私と少年のようなののかの出会いは高校一年のとき。
ののかはあらゆる理不尽に抗い、闘っていた。
自身が抱える死までも。
回想の中で綴られる青春と恋。
『天にのぼる』前編

 

 
 もやで月明かりがしたたる夜半、一本の電話があった。
 遠い電話線が伝えてきたのは、手紙では未だ遠く、だがいつかくる未来だった。
 私は相づちを何度か打ち、受話器を置くと喪服の準備を始めた。
 私の最愛の人、紀野 ののかが亡くなった。
 これからこのノートにしたためるのは、わたしとののかの遠い日の思い出である。

「紀野 ののか、立ちなさい」
この名前を耳にするのは高校に入ってまだ一ヶ月だというのにもう十回をかるくこえていた。ぐす、と私の前に座った女子が涙を見せる。クラスの大半はこの女子に同情的で、厄介事ばかり引き起こすののかを目の敵にしていた。

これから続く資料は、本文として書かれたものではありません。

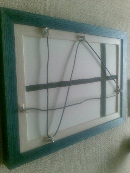 Questa creazione è ispirata alle opere di Gianni Colombo ed affida all’osservatore la completa libertà di elaborazione delle relazioni tra linea dipinta, filo agganciato alla cornice e l’utilizzo di materiale elettrico.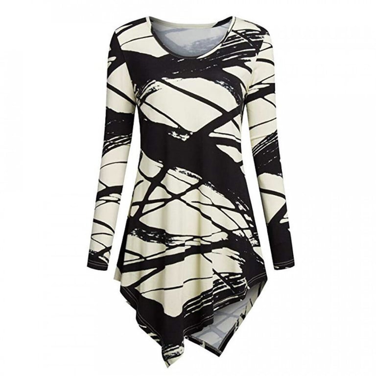 Blouse femme avec une coupe asymétrique ajustée. La blouse a des manches longues et un col rond. Imprimé avec un motif coloré. Disponible en deux variantes.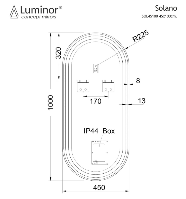 Καθρέπτης Μπάνιου LUMINOR SOLANO SOL45100 45X100εκ.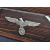 An original WWII Second World War Third Reich Nazi German letter rack. Coromandel wood construction with x2 letter compartments with bone edge details and white metal Swastika and eagle emblem to the centre. Measures approx 14x26cm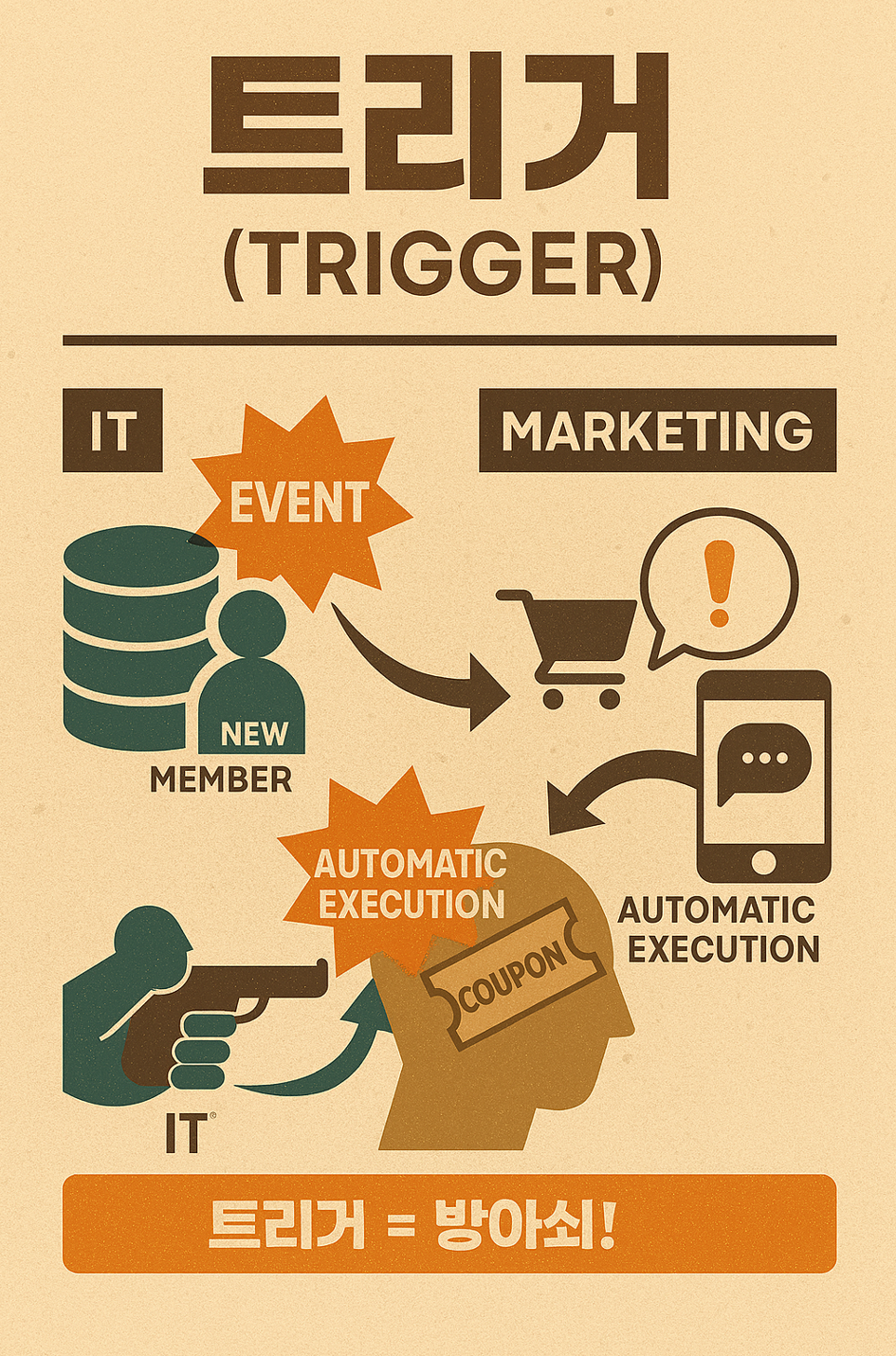 - 사례: 쇼핑몰 DB에 '신규 회원 가입'(트리거) 이벤트가 발생하면, '가입 축하 쿠폰 발송'(자동 실행) 작업이 작동하도록 설정하는 것.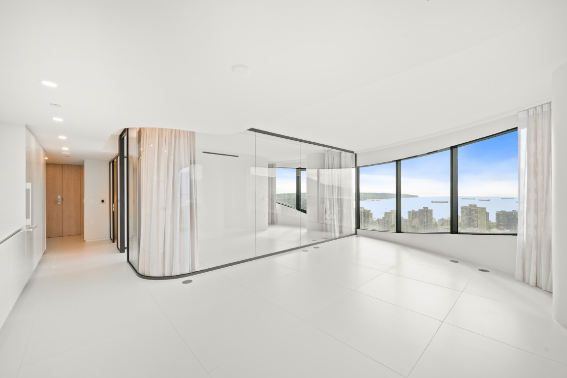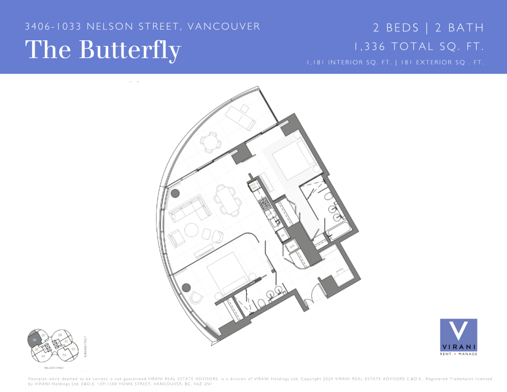 The Butterfly by Westbank, designed by Bing Thom Architects, is a striking new addition to downtown Vancouver’s skyline. This BRAND NEW 2-bedroom, 2-bathroom unit on 34th floor spans 1,336 sq. ft., with 1,181 sq. ft. of interior living and 185 sq. ft. of exterior space. Enjoy breathtaking views of English Bay, mountain and the city. The custom interior includes a eucalyptus veneered front door, large white porcelain flooring, and an Italian-crafted kitchen with Miele appliances. Floor-to-ceiling sheer drapery and curved glass walls enhance the light-filled space. LEED Gold certified, the building excels in energy efficiency and water conservation. Amenities include a 24-hour concierge, sky spa pool, gym, and sauna. 1 Parking Stall, 1 Storage, 1 Bicycle Storage.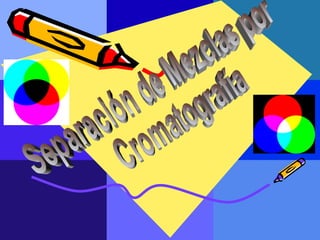 Este documento explica cómo separar los componentes de una mezcla utilizando la técnica de cromatografía. La cromatografía separa sustancias basándose en sus diferentes velocidades de movimiento a través de un medio poroso impulsadas por un disolvente. El documento guía un experimento para separar los pigmentos de una tinta comercial usando un papel poroso y alcohol como disolvente. Al ascender el alcohol por la tira de papel, arrastra los pigmentos a diferentes velocidades, depositándolos en franjas de col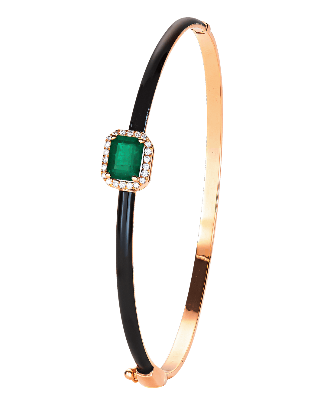 Molu Pırlantalı Zümrütlü Siyah Mineli Kelepçe Bilezik: 18 Ayar Pembe Altın olarak tasarlanan kelepçe bilezik, siyah minenin gizemi ile zümrütün zarif ışıltısını eşsiz Molu pırlantalarıyla yükseltiyor.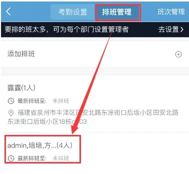 考勤设置需要在移动端APP上设置。首先需要在设置中新增排班管理,选择对应的排班人员后可以点进去设置对应的考勤设置。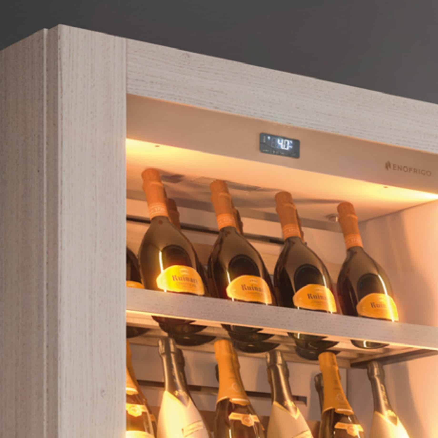 Odlično unutrašnje osvetljenje usmerava pažnju na boce vina koje se čuvaju unutra. LED svetla i pametno dizajnirana unutrašnjost stvaraju utisak dubine i proizvode refleksiju svetlosti koja poboljšava prezentaciju vina.

 げんに泣いている女子は肉付きが悪く、皮と骨しかない体躯のののかから盛大な飛び蹴りを放たれ、軽い尻もちをついたのだった。
 まわりの女子が手に手にハンカチやカバーのついたティッシュを差し出し、「立ちなさい!」と叱責されて、しぶしぶ起立した窓際のののかを睨んでいた。

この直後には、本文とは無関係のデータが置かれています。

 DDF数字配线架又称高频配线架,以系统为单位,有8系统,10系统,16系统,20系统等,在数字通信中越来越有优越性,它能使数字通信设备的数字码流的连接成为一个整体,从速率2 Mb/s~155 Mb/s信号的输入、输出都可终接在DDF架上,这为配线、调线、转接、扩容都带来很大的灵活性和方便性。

 どうやら彼女たちの友情はお揃いのティッシュカバーのようにそこらに溢れていて、安っぽいものらしい。
「紀野さん、何度目ですか」
 中年の数学教師が教壇から尋ねるとののかは顔を上げた。短くカットした髪が細面の傷つきやすい少年のようなののかによく似合っていた。
「十二度目です」
 生真面目に応じたののかに教師は口元を引きつらせ、私は吹き出しかけた。
「そういうことじゃなく。どうしてこう、問題行動を起こすんですか。今度はなんですか?」「紀野さんが突然蹴ってきたんです!」
 〝突然〟の前には多くの事柄があったのだが、泣いている女子と取り巻きの前には意味をなさないものだった。
 きっと嘘泣きだろう。
「蹴ったんですか!?」
 一歩間違えば、親がいじめだとクレームをつける時代で、この事態は教師にはまずかった。
 手持ち無沙汰な私は、教科書をパラパラとめくっていた。この学級会で早くも数学の時間は半分潰れていた。
「蹴りました。……でも」
「言い訳はいりません。謝りなさい」
 ぐっとののかが詰まった。小さい面が真っ白になっている。理不尽に怒っていた。女子の嘘泣きがいっそうひどくなる。かわいそうに痛かったよねと声がかぶる。早く終わらないかという無言の雲がクラスに漂いだし、ののかの首を絞めた。いわれなき加害者は歯ぎしりをした。
「先生」
「なんですか神崎君!」
「早く終わりませんか? 授業時間、もう半分しかありません」
 時計を指すと、教師の皺が引きつった。